Politics need not be like witchcraft, or brazen banishment of its practitioners
When I was very little, I witnessed the lynching of a witch. Whatever the case, the account below is how my mind has filed away and maintained the record of the event that was captured from a distance, without full understanding of the proceedings, or an appreciation of their significance and implications.
One afternoon after school, we youngsters perched ourselves upon a stone to loaf about in the late afternoon sun. We frequently used the vantage to perform our principal existential assignment: watching over cattle as they grazed.
From this lofty perch, which seemed to us a vast granite plateau, we could survey portions of our village rarely visible given our microscopic statures, and follow the comings and goings of persons on the gullied dirt road 50 metres or so from us, and catch up on the latest.
On this day, we saw a crowd pursue a solitary figure up the steep flank of a ridge that rose up from the river, all the way to another road, perhaps three kilometres away as the crow flies.
The rugged flanks in those days were thickly vegetated, and the thatched conical, smoke-blackened or sun-bronzed roofs of homes peeped out of thickets like mushrooms popping out of tall grass. Often, these homesteads were surrounded by clearings which comprised natural stockades.
Three farmsteads, each on an interlocking spur, converged at the thin sinuous stream that gingerly meandered its way to meet a famous river, perhaps a secondary tributary of the Nyando.
Two belonged to brothers who had been enlisted from school to serve in the King’s African Rifles during one world war or the other, one in Burma and the other in Palestine. The latter brother was nicknamed Jerusalem, since his tour had taken him to the fabled metropolis. The third farm was the site of the remembered proceedings.
My recollection captures the crowd hotly pursuing a hapless figure in full flight, who was captured in due course, and violently punished at the clearing. Sticks and stones, clubs and staffs were involved.
Because unfinished business sits uncomfortably in the mind, I recently asked an elder if she recalled these terrifying proceedings. It turns out that owing to my childish misapprehension of events that took place four decades ago, which at any rate succumbed to a tendency of memory to fill gaps in the record with passages borrowed from stereotypes, my account differed from better considered memories to a degree that may fairly be described as wild.
Cruel strategies
Indeed, two adult sons of an elderly lady had become tremendously disenchanted with their maternal unit, and resorted to various cruel strategies to banish her from their father’s land, or altogether from the earth. Only their father stood in the way.
In those days, various treatable and preventable medical conditions were rife, afflicting both beast and human with devastating aggression. Thus, infant mortality was higher than it is today, and villagers often succumbed to curable maladies.

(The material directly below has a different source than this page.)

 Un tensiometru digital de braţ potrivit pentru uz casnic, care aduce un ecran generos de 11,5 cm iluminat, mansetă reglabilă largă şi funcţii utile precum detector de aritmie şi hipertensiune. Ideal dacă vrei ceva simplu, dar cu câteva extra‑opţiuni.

The poor old lady’s dear boys resolved to outsource their murderous task by enlisting the anger of outraged villagers. They accused their mother of casting malevolent spells over assorted bomas in order to decimate their human and animal inmates by way of harrowing death through malignant sicknesses.

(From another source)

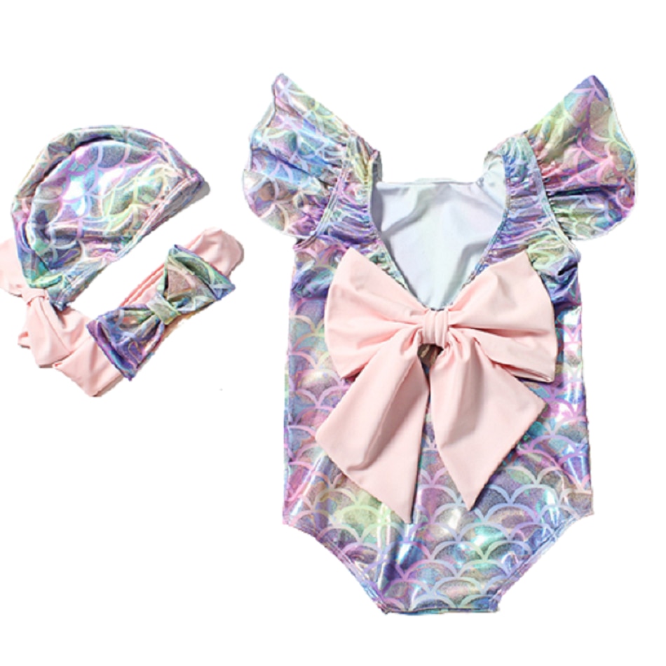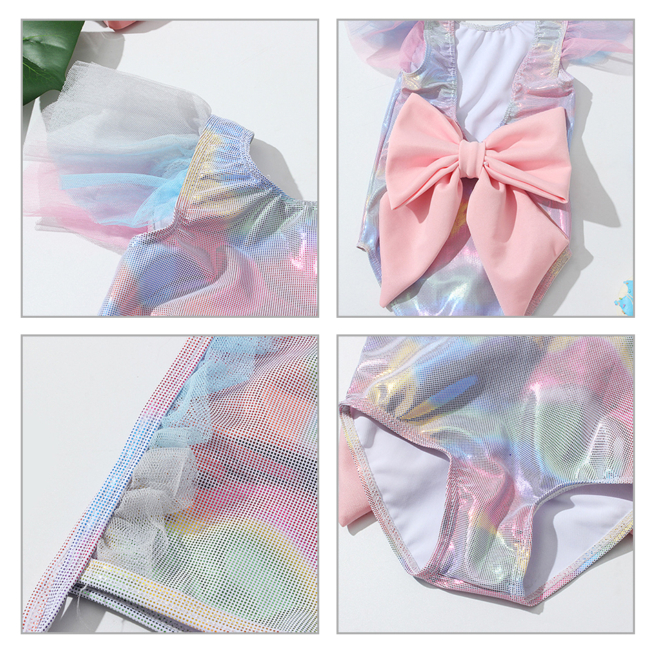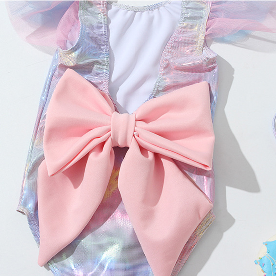 Летний Купальник для девочек Секс Детский купальник с открытой спиной и большим бантом Регулируемые ремни Бикини с открытой спиной и оборками Рукав Детские пляжные купальники

Such accusations are often received with profound skepticism, except where the family, and especially very close blood relations, propagate the charges. Herein lay the diabolical genius of the matricidal fraternity’s strategy. In this case, a majority of sons had condemned their mother for truly reprehensible offences, making a formidable case against the poor woman, whose only witness was her husband.
The verdict and sentence were prescribed by tribal custom, and involved a ritual to curse and banish the convict and her accomplices, while simultaneously absolving the members of the community tasked with this unpleasant function.
Eligible adults, armed with white batons made from wood stripped of its bark, stood in two rows. The condemned had to pass through the tunnel formed by the solemnly irate parade.
As the convicted passed, each person raised their baton and gently tapped it upon her person, before hurling it in her wake, and walking away without looking back. For the condemned, the corridor comprised a one-way passage into oblivion.
This is what took place. The childish mind preferred more dramatic accounts of pursuit and violence. The elder who assisted me in reconstructing this memory was nevertheless so astonished that I remembered the event at all, given my tender age at the time of the incident.
Ancient communal policy set out elaborate and rigorous mechanisms for ostracism, banishment and exile.
Such events affected the integrity of the body social of a community in the manner of an amputation: excruciating, traumatising and permanently disfiguring, and therefore to be exercised strictly as a last resort.
It is, therefore, quite shocking that certain aspects of the competitive politics which define our democracy appear to permit public conduct tantamount to brazen witchcraft and its sentence, voluntary self-banishment or exile.
Mr Ng’eno is an advocate of the High Court.